The large intestine, also called the bowel, serves several functions. After digestion of food and absorption of nutrients in the stomach and small intestine, the remains move into the large intestine, where they are converted into stool for elimination. As the waste moves through the bowel, vitamins and water are absorbed before passing from the body.


Constipation can be caused by hormone changes that take place during menopause. Many women who suffer from other menopausal symptoms might eat to reduce stress, and unhealthy food choices can also lead to constipation. Some medications prescribed for the symptoms of menopause, such as vitamin supplements or sleep aids, might have constipation as a side effect. According to Menopause Insight, constipation is associated with having less than three stools per week, the presence of hard stools and straining or difficulty while having a bowel movement.
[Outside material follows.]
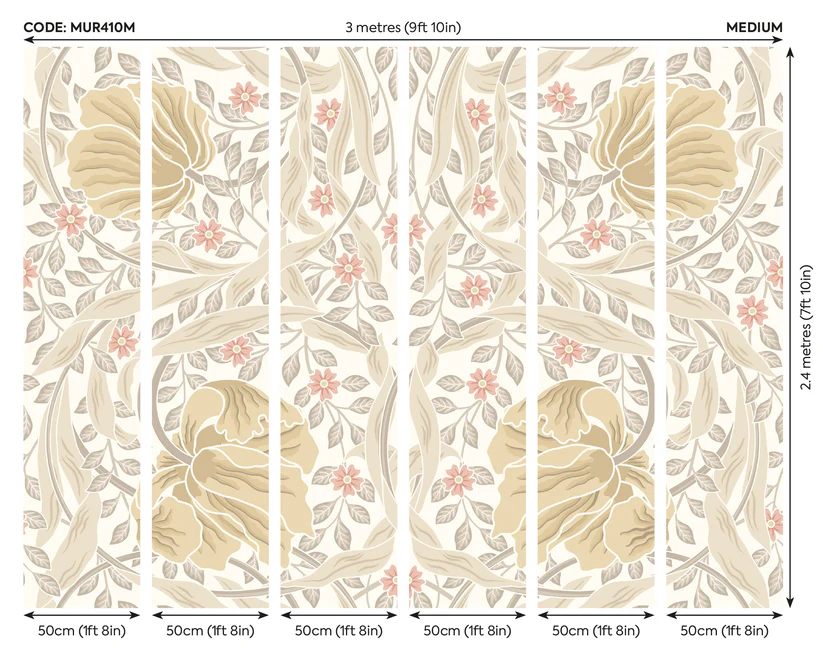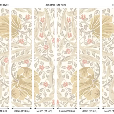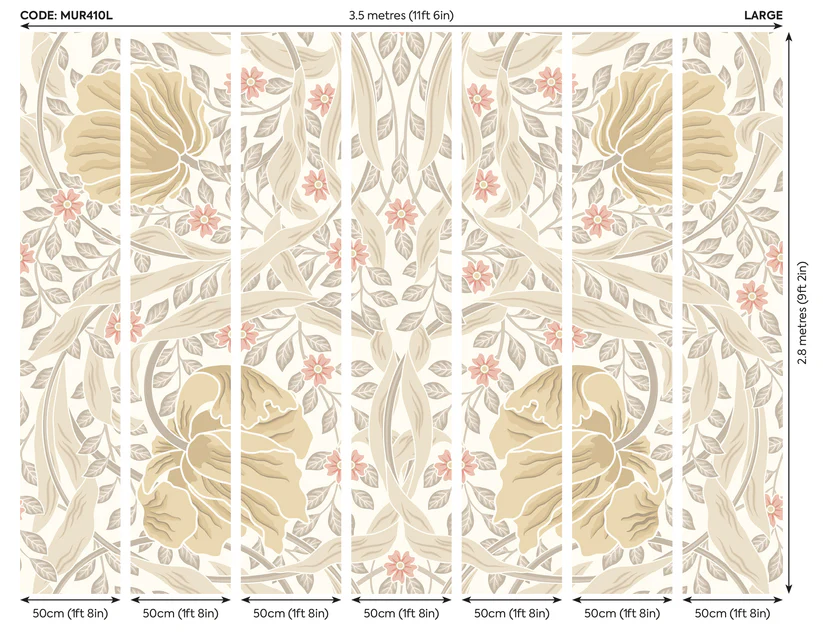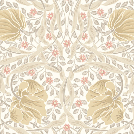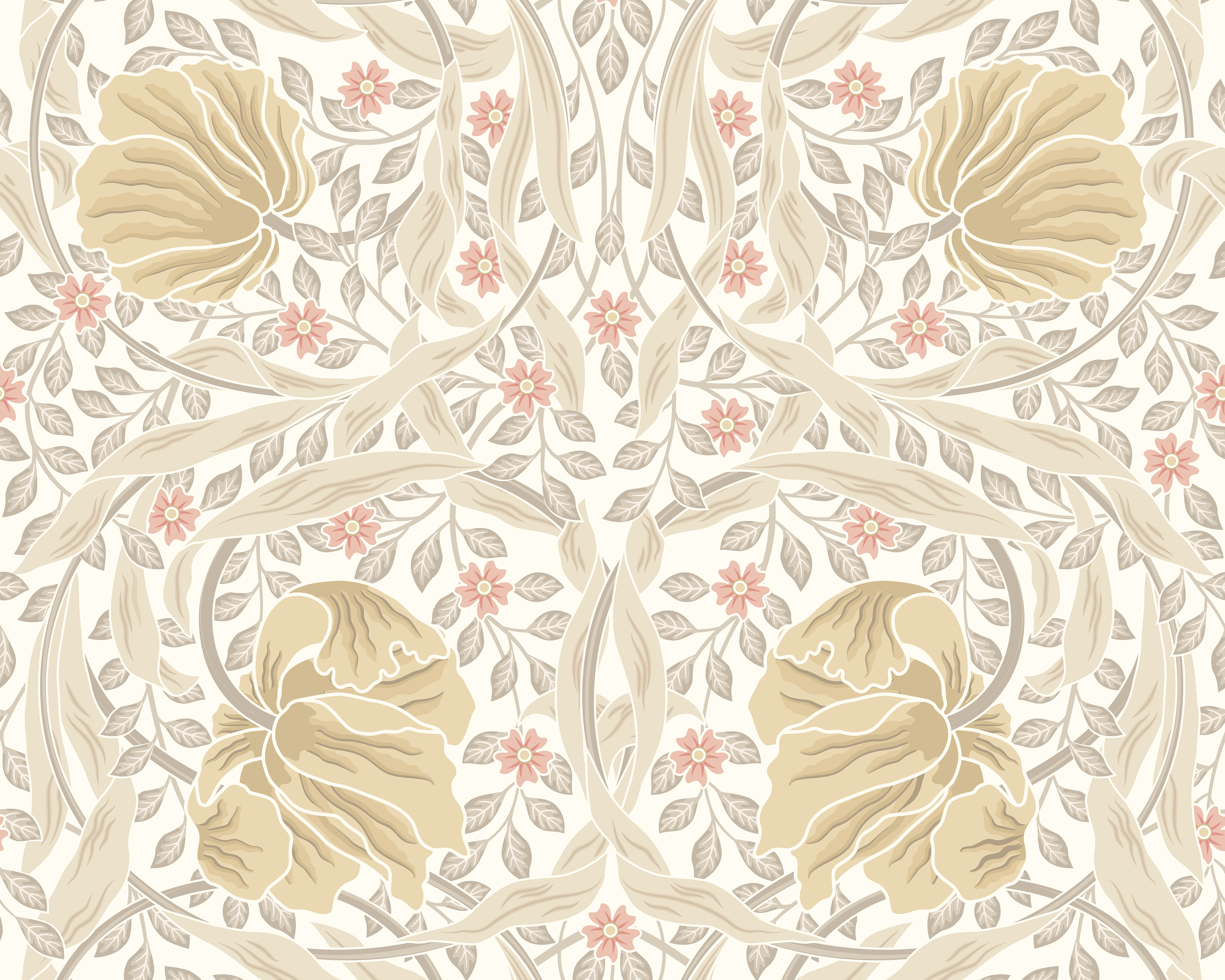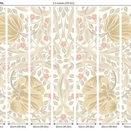 Bézs nagy virágos fotótapéta szecessziós stílusban, melynek motívumát William Morris híres Pimpernel mintája inspirálta.

Some women complain of increased discomfort associated with gas pain and flatulence. Gas occurs as a result of food breakdown during the digestive process. Some foods produce more gas than others, such as broccoli, beans and cabbage. Some women going through menopause try to eat a healthful diet to feel better and increase a daily amount of fruits and vegetables, causing gas and discomfort. A decrease in hormones during menopause is also connected with increased gas, bloating and flatulence.


Prevention of symptoms associated with bowel changes during menopause includes maintaining a healthful diet that is high in fiber, exercising regularly and drinking plenty of water. Drinking eight to 10 glasses of water daily supports bowel function and reduces constipation. Women who suffer from excess bloating also might use over-the-counter medications that eliminate gas.